** DATA BLOCK follows **
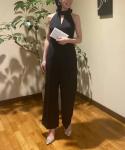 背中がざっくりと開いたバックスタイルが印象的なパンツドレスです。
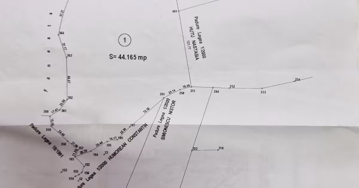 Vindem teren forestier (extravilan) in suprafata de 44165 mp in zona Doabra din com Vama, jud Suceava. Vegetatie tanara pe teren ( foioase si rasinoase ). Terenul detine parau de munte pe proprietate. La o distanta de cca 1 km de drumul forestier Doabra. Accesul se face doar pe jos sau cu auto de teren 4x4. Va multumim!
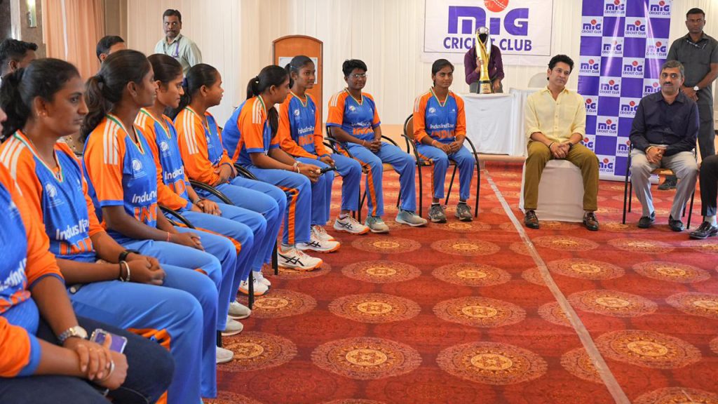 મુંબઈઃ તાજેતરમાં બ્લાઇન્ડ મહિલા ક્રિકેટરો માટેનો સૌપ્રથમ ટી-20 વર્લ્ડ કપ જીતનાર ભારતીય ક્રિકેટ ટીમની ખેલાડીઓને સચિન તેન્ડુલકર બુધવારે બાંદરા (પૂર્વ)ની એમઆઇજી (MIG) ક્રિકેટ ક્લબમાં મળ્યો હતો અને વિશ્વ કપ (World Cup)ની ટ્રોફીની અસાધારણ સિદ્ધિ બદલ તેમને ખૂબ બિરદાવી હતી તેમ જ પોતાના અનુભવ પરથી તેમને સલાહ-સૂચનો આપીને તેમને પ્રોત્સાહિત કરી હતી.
** End of DATA BLOCK **
● REQUIRED ACTION: An exact reproduction of the data is needed, with no pictures included.

● TASK OUTPUT:
 背中がざっくりと開いたバックスタイルが印象的なパンツドレスです。
 Vindem teren forestier (extravilan) in suprafata de 44165 mp in zona Doabra din com Vama, jud Suceava. Vegetatie tanara pe teren ( foioase si rasinoase ). Terenul detine parau de munte pe proprietate. La o distanta de cca 1 km de drumul forestier Doabra. Accesul se face doar pe jos sau cu auto de teren 4x4. Va multumim!
 મુંબઈઃ તાજેતરમાં બ્લાઇન્ડ મહિલા ક્રિકેટરો માટેનો સૌપ્રથમ ટી-20 વર્લ્ડ કપ જીતનાર ભારતીય ક્રિકેટ ટીમની ખેલાડીઓને સચિન તેન્ડુલકર બુધવારે બાંદરા (પૂર્વ)ની એમઆઇજી (MIG) ક્રિકેટ ક્લબમાં મળ્યો હતો અને વિશ્વ કપ (World Cup)ની ટ્રોફીની અસાધારણ સિદ્ધિ બદલ તેમને ખૂબ બિરદાવી હતી તેમ જ પોતાના અનુભવ પરથી તેમને સલાહ-સૂચનો આપીને તેમને પ્રોત્સાહિત કરી હતી.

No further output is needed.